Objectif : Mettre l'athlète en difficulté respi­ratoire afin de provoquer une hyperventila­tion pulmonaire à la fin de l'exercice.

Déroulement

Courir en accélérant sur les temps expira­toires et en ralentissant sur les temps inspi-ratoires, tout en respectant le cycle de la respiration maîtrisé précédemment à allure régulière. Dans cette situation l'athlète atteint, plus ou moins rapidement, un essoufflement important qui entraîne un arrêt de l'exer­cice. Lors de la récupération qui suit cet effort, l'athlète prend conscience de l'hy-perventilation provoquée par cet exercice. Il est conseillé d'effectuer un auto-contrôle manuel en appliquant les mains latérale­ment sur les côtes. Effectuer des étirements spécifiques de la course à pied en fin d'échauffement.

ENTRAINEMENT

Situation 1

Objectif : Découvrir sa vitesse horaire de course.

Déroulement

Construire un parcours balisé avec des bornes matérialisant des vitesses horaires (cf. tableau 1). Départ à un signal sonore pour courir dix secondes ; au signal suivant, le coureur s'arrête et enregistre la borne horaire en face de laquelle il s'est arrêté. Retourner en trottinant au départ. Répéter l'exercice cinq à six fois.

Situation 2

Objectif : Maîtriser sa propre vitesse horaire en l'intériorisant.

Déroulement

Constituer des groupes homogènes à partir des vitesses horaires de chacun.
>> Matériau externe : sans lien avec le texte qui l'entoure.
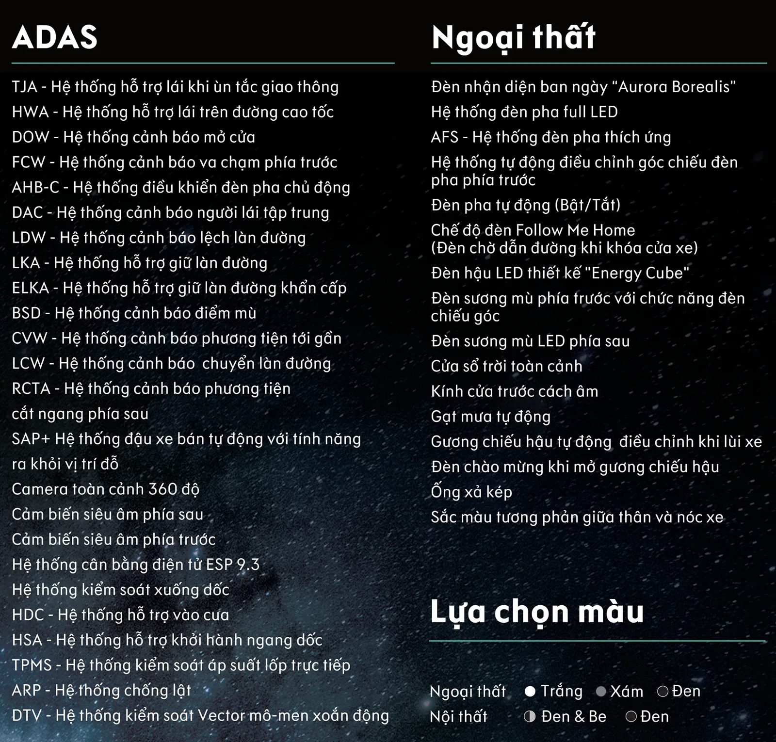 - Giải pháp hỗ trợ lái xe thông minh: Xe được trang bị 12 radar siêu âm, radar sóng 5 mm, 4 camera quan sát xung quanh độ phân giải cao và 1 camera quan sát phía trước có độ chính xác cao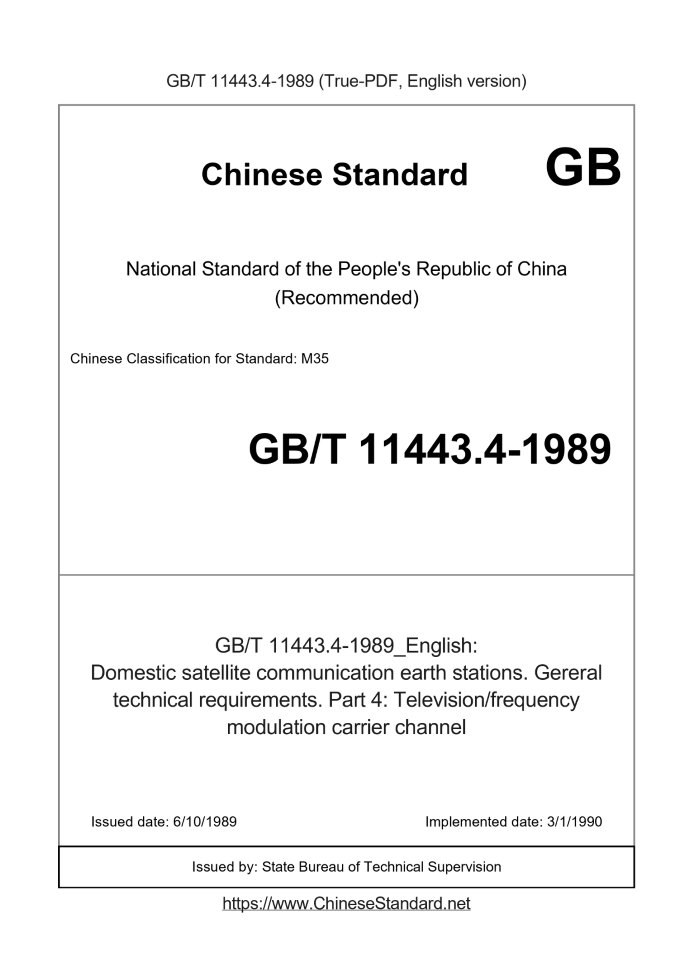 Delivery: <= 3 days. True-PDF full-copy in English will be manually translated and delivered via email. GB/T 11443.4-1989: Domestic satellite communication earth stations. Gereral technical requirements. Part 4: Television/frequency modulation carrier channel Status: Obsolete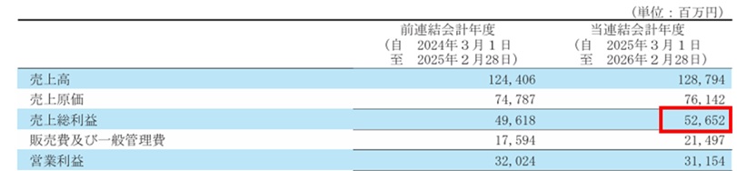 ↓ 連結損益計算書の上から3行目の「売上総利益」が粗利です。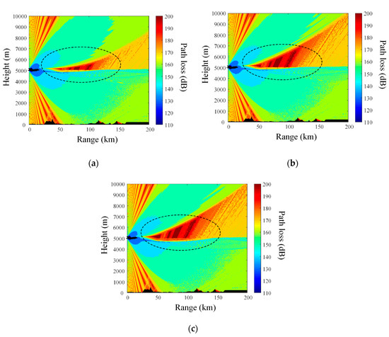 The Advanced Refractive Effects Prediction System (AREPS) simulation results of path losses employing the linear models and the actual data regarding the modified refractivity: (a) trilinear model; (b) quad-linear model; (c) actual data.

Distribuer des handicaps correspondant aux différents niveaux des groupes homo­gènes (cf. tableau 1). Les groupes s'élancent pour une course de trente secondes, au terme de laquelle, quel que soit le handicap, ils arrivent sur la même ligne, tous ensemble (cf. schéma 1).

Variante

Exécuter le même exercice, mais un seul coureur de chaque groupe prend le départ. Ceci a pour but d'affiner la perception et le contrôle de sa propre allure.

Situation 3

Objectif : Identique à la situation précé­dente.

Déroulement

Reprendre, par groupes homogènes, les mêmes vitesses horaires que précédem­ment. Partir pour une course de 200 mè­tres ; au passage du 100 mètres, recevoir le temps de passage et arriver dans le double du temps indiqué à mi-course.

Variantes

• « Apprécier » son temps final à partir de l'indication du temps intermédiaire et de ses sensations ; confronter le résultat de l'appréciation au temps réel. • Effectuer les mêmes exercices sur une distance plus longue, de l'ordre de 400 mè­tres, ce qui entraîne une perturbation des sensations et donc de l'appréciation.

Situation 4

Objectif : Identique à la situation 2.

Déroulement

Définir par groupe un temps à réaliser sur une distance de 400 mètres. Changer de « meneur » tous les 50 mètres, cette distance est matérialisée par des plots ou des piquets (cf. schéma 2). Attribuer des pénalités pour les erreurs d'appréciation du temps réel par rapport au temps prévu.

Variantes

• Prendre en compte les erreurs des temps de passage à chaque changement de « me­neur ». • Alterner les contre-efforts trottines ; tous les 50 mètres, retrouver la bonne al­lure après la variation de vitesse.

Nous espérons que cette modeste partici­pation permettra à certains de nos collè­gues, enseignant dans des conditions par­fois difficiles, de renouer avec bonheur des liens vis-à-vis d'une activité considérée comme rébarbative. Nous tenons à signaler qu'une partie importante de cet exposé fut le fruit d'un travail collectif réalisé par le « cercle d'étude sur la course en durée » de l'Académie de Dijon. Ce « cercle d'étude », composé d'ensei­gnants d'EPS de l'Académie, opère à diffé­rents niveaux d'enseignement : élémen­taire, secondaire ou fédéral. Il est réuni et animé par Claude Gauthier (adjoint à l'I.P.R. de l'Académie de Dijon) et une de ses missions consista à harmoniser un ensemble de siutations pédagogiques sous forme de fiches thématiques parues dans « La Course d'Endurance » éditée au CRDP de Dijon en 1983.

Daniel Durand Professeur EPS

Conseiller Universitaire d'Athlétisme Entraîneur 3e degré FFA courses-sauts

NOTES (1) La V02 MAX est atteinte légèrement avant que le sujet n'arrive à sa FC maximum en raison de phénomè­nes liés à la limitation de la masse sanguine dans les muscles qui travaillent. La masse sanguine se répartit aussi dans les tissus au repos et limite donc les possibi­lités de prélèvement de l '02 au niveau local dans les muscles au travail.